DUBAI (Reuters) - Saudi Arabia’s economy grew in the second quarter at its fastest pace for over a year but the private sector remained sluggish, weighed down by austerity steps and a drive to push more Saudi citizens into jobs, official data showed on Sunday.
Gross domestic product, adjusted for inflation, expanded 1.6 percent from a year earlier in the April-June quarter. That was up from 1.2 percent in the first quarter and the fastest growth since the fourth quarter of 2016.
But the pick-up was mainly due to the government sector, where growth jumped to 4.0 percent from 2.7 percent as authorities boosted spending, the data showed.
The private sector, which is crucial to Riyadh’s attempts to create more jobs and cut a record 12.9 percent unemployment rate among Saudi citizens, expanded just 1.8 percent, up from 1.1 percent in the first quarter.
Private businesses have been hit hard by tax rises and other steps to narrow the government’s budget deficit, and by quotas and fees which make it more expensive to hire foreign workers and pressure firms to employ Saudis instead.
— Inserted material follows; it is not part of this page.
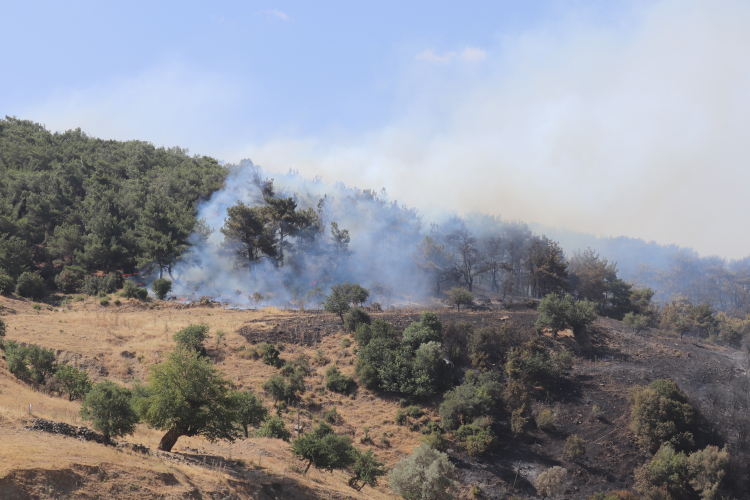 İzmir’in Bornova ilçesi Beşyol Mahallesi'nde saat 13.37 sıralarında başlayan orman yangınına müdahale sürüyor.

Hundreds of thousands of foreign workers have left the country in the past 12 months, hurting domestic demand and causing the economy to shrink last year for the first time since the global financial crisis in 2009.
Monica Malik, chief economist at Abu Dhabi Commercial Bank, said the pattern revealed by the GDP data was likely to persist at least through the second half of the year.
“For the time being, it will be up to the government to stimulate growth as relatively little will be coming from the private sector,” she said.
Malik said the government appeared able and willing to do more to support the economy, partly because a surge in oil prices in recent months had boosted state revenues.
The finance ministry said on Sunday that it expected to increase state spending by over 7 percent next year, with projected revenues in 2019 jumping 11 percent to 978 billion riyals ($260.8 billion).
Finance Minister Mohammed al-Jadaan said the government would soon announce policies to support the private sector in areas such as industry and tourism, though he gave no details.
Malik also predicted overall GDP growth would accelerate considerably in the second half of this year because of the oil sector, which grew 1.3 percent in the second quarter. A deal among global producers to cut oil output was eased in mid-2018.
The International Monetary Fund has projected Saudi GDP will grow 1.9 percent this year.